Forty-eight years have passed since humans first set foot on the moon. Now that the exploration of Mars by unmanned rovers is possible, the expression "colonization of Mars" is no longer considered “out of this world”. Thinking from the perspective of cutting-edge planetary science, life science, and material science - is actual migration to Mars possible? We spoke to Director Kei Hirose and Associate PI Tomohiro Usui of the Earth-Life Science Institute at Tokyo Institute of Technology (ELSI) about their prospects and technology required for the future.

Is the day we stand on Mars soon?

− Mars immigration is a hot topic these days.

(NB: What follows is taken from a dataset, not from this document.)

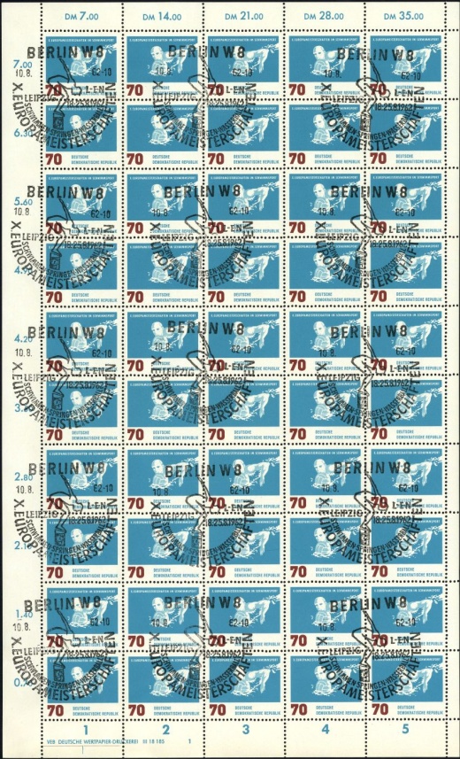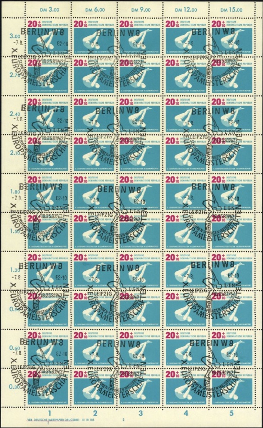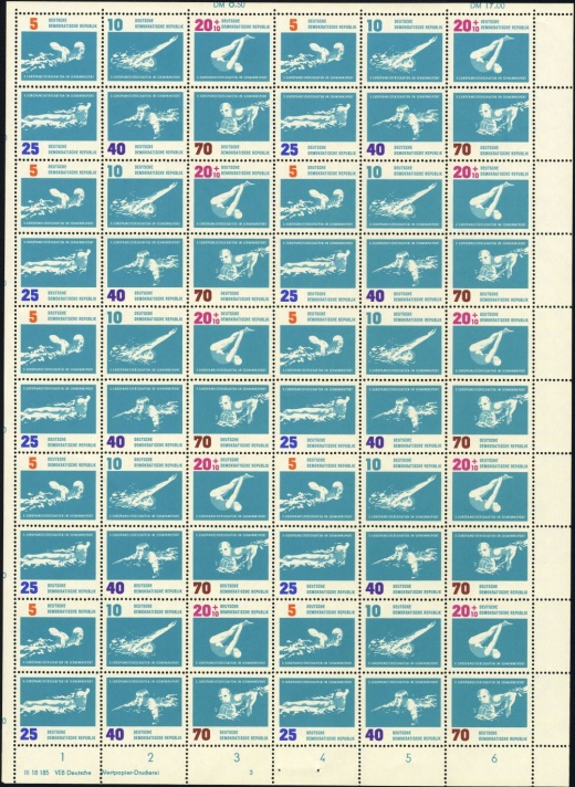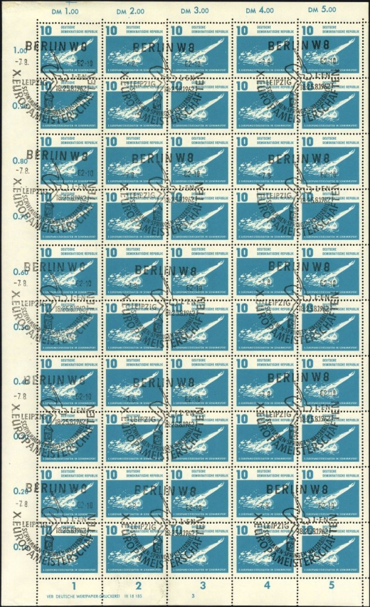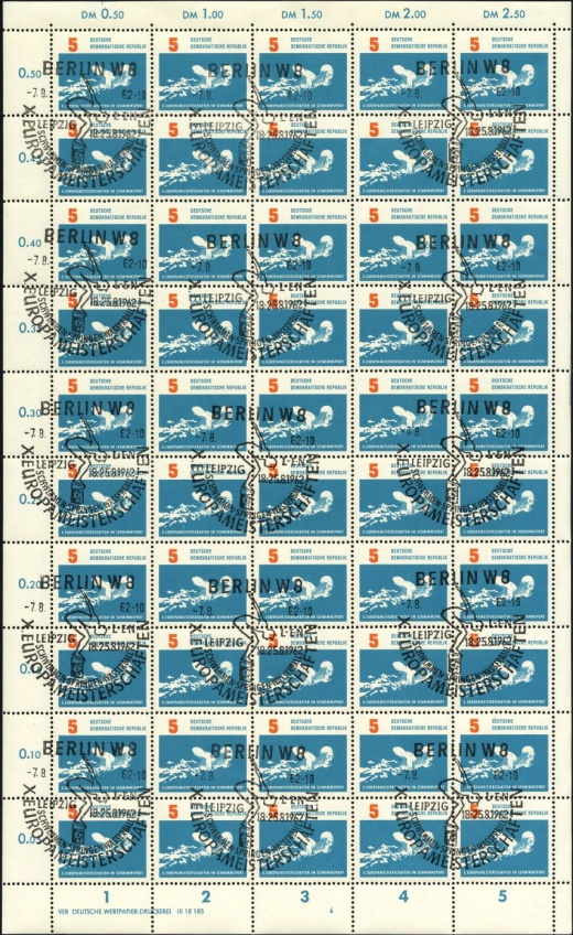 | | Ersttag: | 7.8.1962 | | Abbildung: | Brustschwimmen | | Zähnung: | K13:13,5 | | Druck: | Odr. | | Farbe: | lebhaftgrünblau/blauviolett | | Wz: | 3X (DDR und Kreuzblüten)

Hirose: NASA seems to be thinking about how we can really move to Mars, and Elon Musk of Space X is hard at work as well. A nonprofit organization in the Netherlands called Mars One has also begun recruiting hopeful migrants. Even people from the private sector are planning and working at this; it’s not a sci-fi movie. Interest in Mars is rising at a global level, and I think we’re at the stage where the roadmap is being made.

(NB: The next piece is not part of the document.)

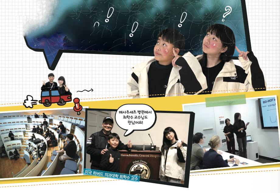 NASA가 있는 미국 휴스턴을 떠나, 보스턴에 도착한 어린이 우주인들과 HIS Youth 팀은 현지 학생들의 안내를 받으며 하버드대학교, 매사추세츠공과대학교(MIT) 캠퍼스를 탐방했어요. 이후 HIS Youth 팀은 MIT 미디어랩에서 진행된 워크숍에 참여해 스테파니 쇼블룸 아우렐리아 인스티튜트(Aurelia Institute) 부사장, MIT 항공우주공학 박사과정 노희건 연구원, MIT 항공우주공학 니콜 리 연구조교에게 각 팀의 연구에 대한 평가와 멘토링을 받았답니다.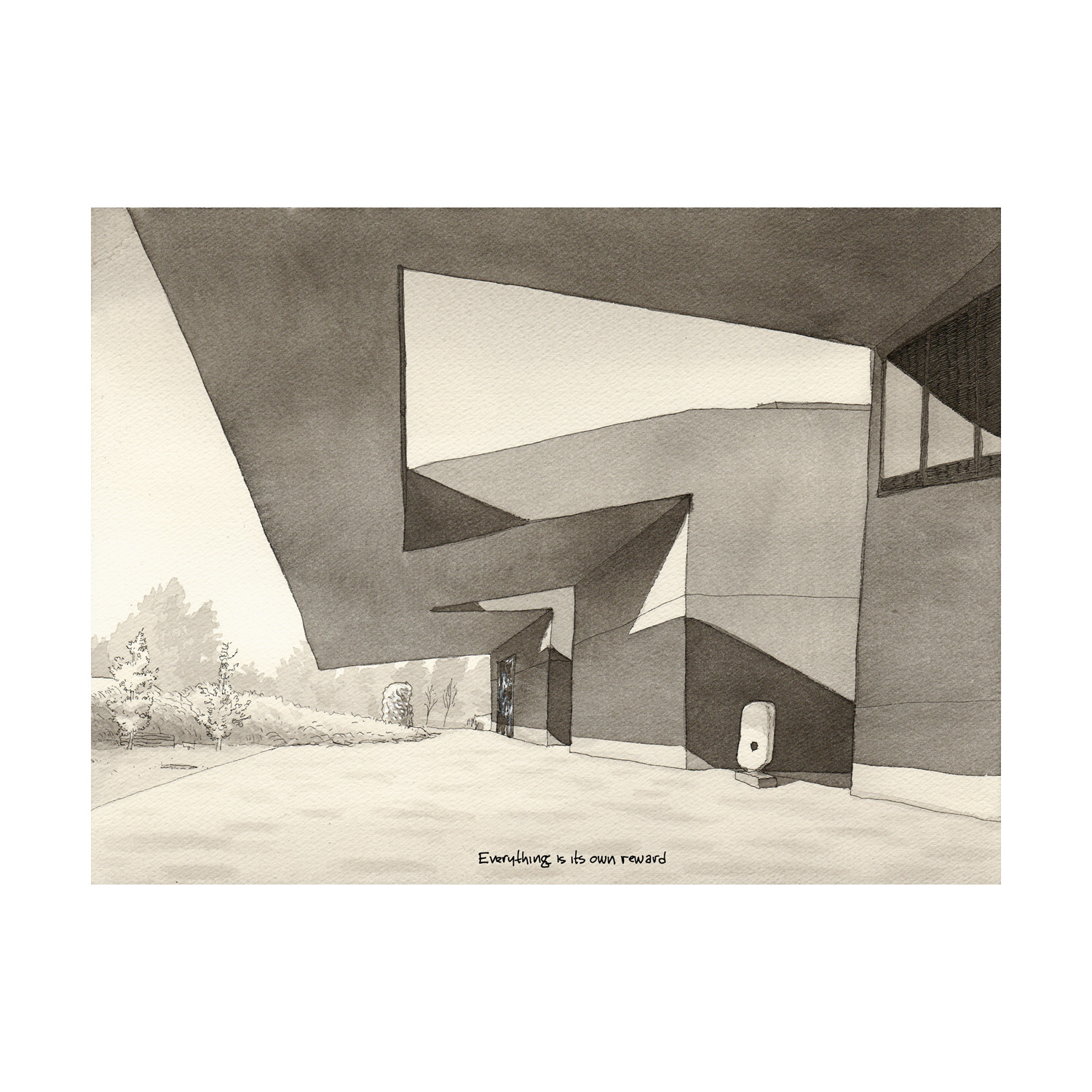 Everything Is It's Own Reward is a gorgeous print taken straight from Paul Madonna's illustrious archives. This thoughtful piece is a rendering of a museum courtyard with a distinctly geometrical architecture.

Usui: NASA alone is not enough to provide human and other resources for really learning about Mars, so we’re working in an international framework. We’re working at investigating meteorites from Mars (※1), and sending probes (※2) there to discover more. There are still plenty of knowledge gaps between us and migration, or even manned flights to Mars.

− With the current roadmap, when will immigration begin?

Hirose: If things go well, NASA plans a manned flight to Mars in 2035. Another quarter century for migration? Of course, I don’t think this plan will work so smoothly (laughs).

− Then why do you and ELSI focus on Mars?

Hirose: One main reason we study Mars is to compare it to Earth. Mars and Earth are made by basically similar processes. Mars may have been a blue planet just like Earth. It’s estimated that three hundred million years ago, 20% of Mars’ surface was covered with ocean. It’s also believed that, at that time, Mars had a high temperature core and thermal convection producing a magnetic field like that of Earth.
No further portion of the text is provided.